The lines to return run from the start of the material below through the line holding "(1) Змея Фучун: в", both included; please give them back exactly, minus the pictures.
==== INFORMATION SUPPLIED
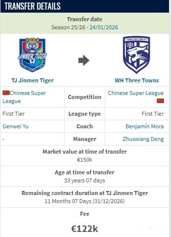 德转显示,方镜淇从天津津门虎加盟武汉三镇的转会费约100万人民币。
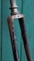 Fahrradgabel 28 Zoll DÜRKOPP, schwarz, Linien silber, für Tourenrad 30er/40er J., inkl. orig. Steuersatz verchromt, Schaftlänge 170 mm, Durchlaufhöhe 385 mm, gebraucht mit Patina, Zustand gemäß Fotos
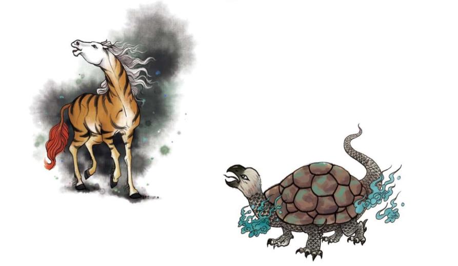 (1) Змея Фучун: в древних источниках – разновидность гадюки. У змеи есть клыки, её тело покрыто цветными полосками. Некоторые предполагают, что это щитомордник.
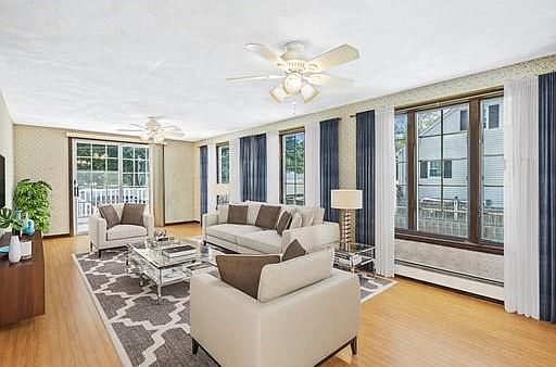 Tucked away in a charming South Peabody neighborhood, this lovingly maintained 4 bedroom, 3 bath cape sits on a beautiful corner lot and boasts 3 levels of finished square footage! The main level is drenched with sunlight, featuring gorgeous hardwood floors, access to the deck, 2 spacious entertaining areas, and a kitchen with a peninsula & stainless steel appliances. Additionally, on this level you have a sitting area, 2 bedrooms, and a full bath. Upstairs you will find 2 more generously sized bedrooms with great closet space & another full bath. When you step down into the finished basement, you will be greeted with 3 more entertaining spaces, including what could be used as a home office area or guest quarters with a full bath. Storage space, laundry, and a workshop area round out this level. Outside you can enjoy the inground pool, spacious deck & side yard! Open House Schedule: 12-2PM on 5/29 & 5/30 No appointment required for Open House **Some photos have been virtually staged**
========
> _RESULT OF THE EXERCISE_:
 德转显示,方镜淇从天津津门虎加盟武汉三镇的转会费约100万人民币。
 Fahrradgabel 28 Zoll DÜRKOPP, schwarz, Linien silber, für Tourenrad 30er/40er J., inkl. orig. Steuersatz verchromt, Schaftlänge 170 mm, Durchlaufhöhe 385 mm, gebraucht mit Patina, Zustand gemäß Fotos
 (1) Змея Фучун: в древних источниках – разновидность гадюки. У змеи есть клыки, её тело покрыто цветными полосками. Некоторые предполагают, что это щитомордник.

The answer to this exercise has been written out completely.